Is the Homebase brand about to disappear?

Homebase has been a mainstay of the UK retail landscape for almost 40 years but it could soon disappear if owner Home Retail Group sells to Australian company Wesfarmers.

Home Retail Group confirmed yesterday (14 January) that it has been in talks with Wesfarmers about a bid for Homebase for around £340m. That deal would see Wesfarmers take on the entire Homebase business, including all its stores and distribution centres. Product brands owned by HRG including Habitat are not included but could be licensed by Wesfarmers for a year.

Wesfarmers is one of Australia’s biggest companies and owns, among others, supermarket brand Coles as well as department stores Target and Kmart. It is also the owner of Bunnings Warehouse, a home improvement and outdoor products retailer that sells to both commercial and personal customers in Australia and New Zealand.

It is the synergies with Bunnings that have made the Homebase purchase  desirable. Wesfarmers sees an opportunity to expand into the UK using the acquisition.

Getting rid of the homebase brand

Yet it apparently doesn’t plan to use the Homebase brand. Instead Wesfarmers wants to bring the Bunnings brand to the UK.

“The acquisition would be the first step in a programme which would invest in the Homebase team and reinvigorate core Homebase assets to build an exciting new Bunnings-branded business over three to five years,” Wesfarmers said in a statement.

“The existing Homebase performance will be enhanced in the short-term through operational improvement.”

Bunnings is a brand that no-one in the UK has heard of while Homebase has a near 40-year history in the country. Founded in 1979 by Sainsbury’s and Belgian retailer GB-Inno-BM, it now has more than 300 stores.

According to YouGov BrandIndex, awareness of the Homebase brand is above 90% among the British public and it is one of the top 10 ‘general retail’ brands.

That is not to say there are not challenges at the company. Homebase has been forced to sell off a number of unprofitable stores and invested in a number of rounds of cost-cutting.

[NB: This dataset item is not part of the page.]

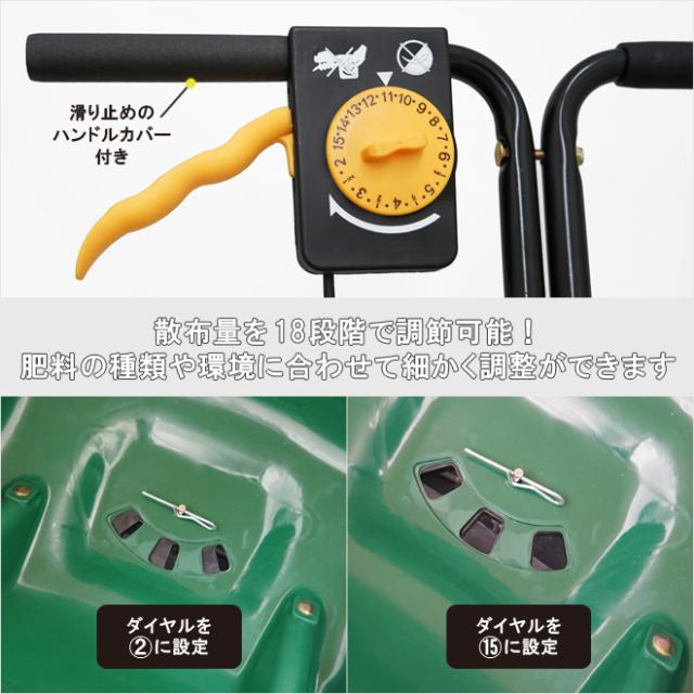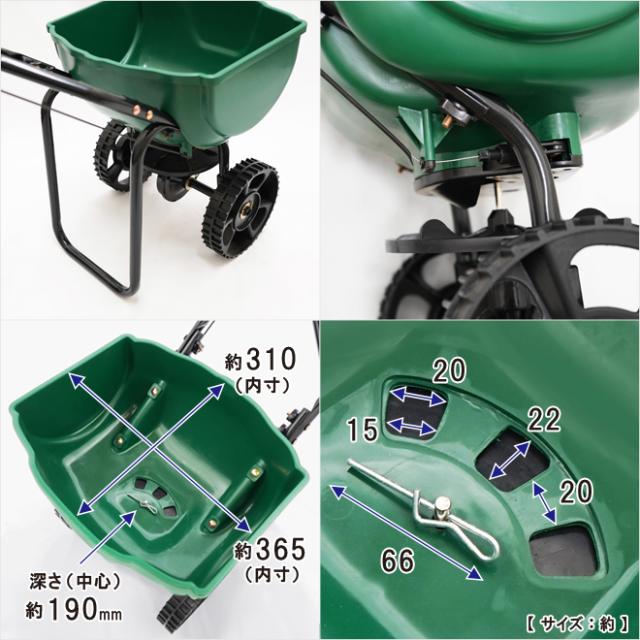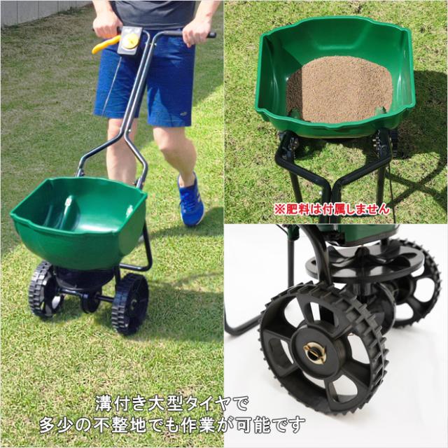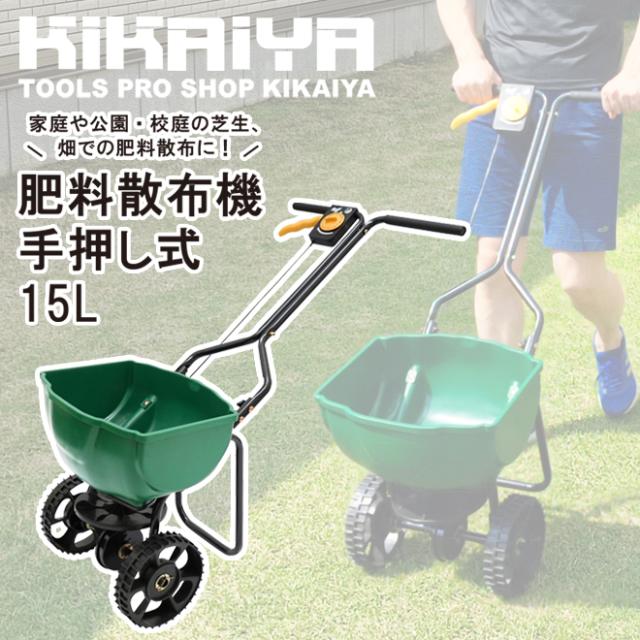 肥料散布機 手押し式 容量15L 散布器 ロータリー式 スプレッダー ブロードキャスター キャスター付 コンパクト 小型 軽量 大型タイヤ 肥料まき機 KIKAIYA

Yet sales at established stores were up 5% over the crucial Christmas period.

The future of Argos

HRG believes the sale of Homebase is the “right step” for all parties. While cautioning that no deal has yet been finalised, CEO John Walden says: “This deal would represent good value for shareholders and a growth opportunity for the Homebase business and its colleagues.

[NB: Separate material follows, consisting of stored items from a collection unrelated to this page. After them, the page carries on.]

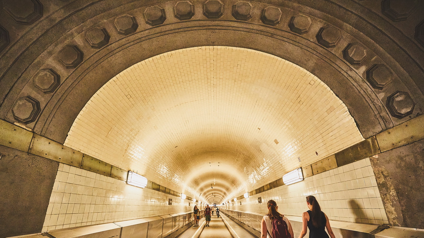 Von dort geht es zu den Landungsbrücken – dem Herzen des Hamburger Hafens. Nach einem Spaziergang entlang der Brücken lohnt sich der Gang durch den Alten Elbtunnel, an dessen Ende der Aussichtspunkt Steinwerder mit Panoramablick auf die Skyline der Stadt wartet. Dieses technische Meisterwerk war 1911 die erste Flussuntertunnelung Europas und ist ein nostalgisches Stück Hamburger Geschichte.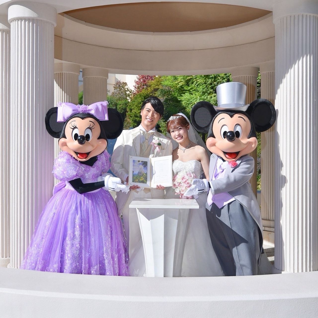 また、挙式後にミッキーとミニー (or ドナルドとデイジー) が駆けつけてくれて誓約書にサインをしてくれるサイニングセレモニーを行いました。おふたりにもお祝いしてもらって、ミッキー・ミニーと沢山お話したりお写真を撮ってもらえます。ミッキーとミニーを二人占めできる贅沢時間!キャラクターが大好きな方にはとってもおすすめです!
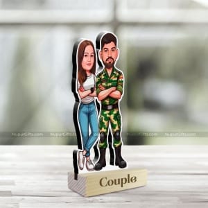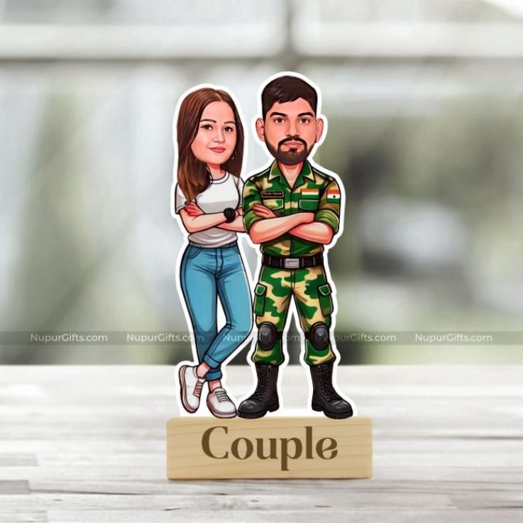 Personalized Indian Army Couple Caricature – Photo Stand Gift - Nupur Gifts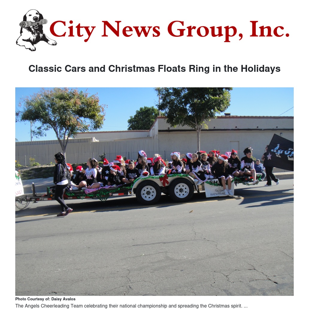 The Colton Christian Church placed a gospel band on their float while Colton High School showed their Colton pride in a gold and burgundy display accompanied by music and their mascot handing out candy to the children. The Angels Cheer Team of Montebello also made an appearance, celebrating their recent national championship in Nevada, and Reid Park Cheerleading walked the whole parade as participants spread holiday cheer down La Cadena Drive.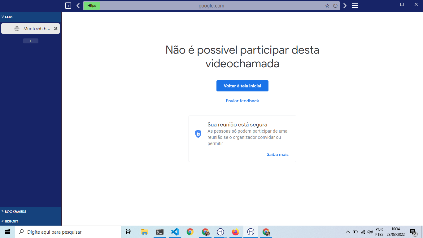 When trying to access a google meeting room, instead of the waiting screen, the following image appears: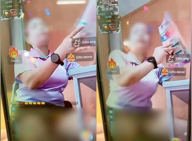 ปรากฏว่าระหว่างที่ไลฟ์สอนหนังสือ ครูได้นั่งอ้าขาหันหน้ามาทางกล้องที่กำลังไลฟ์อยู่ ทำให้กระโปรงร่นขึ้นไปจนเห็นหว่างขา ซึ่งมีคนเข้ามาส่งรางวัลให้เป็นจำนวนมาก

“The sale would allow the group to focus on Argos and its transformation plan, with an improved balance sheet and financial position, which I believe represents an even greater opportunity for building long-term shareholder value.”

Yet the future of Argos is also unclear. Sainsbury’s launched a bid for HRG last November but has since made clear its interest lies with Argos not Homebase. The sale of Homebase would presumably make a move for HRG more attractive.

Under Takeover Panel rules, Sainsbury’s has until 2 February to come back with another offer. But Walden was keen to highlight on a press call yesterday (14 January) that there no offer for HRG “at the moment” and that HRG does not have to sell Argos.

“I genuinely have no idea if the sale of Homebase makes an offer from Sainsbury’s more or less likely. We don’t have an offer at the moment. We had to pursue Homebase because it was in the best interests of the business and we can’t count on possible interest from Sainsbury’s,” he said.

“But we are very pleased and confident with what Argos has developed. There are trend affecting us – high street footfall, shift from high street to digital sales, electricals sales – but our strategy is playing into these trends.”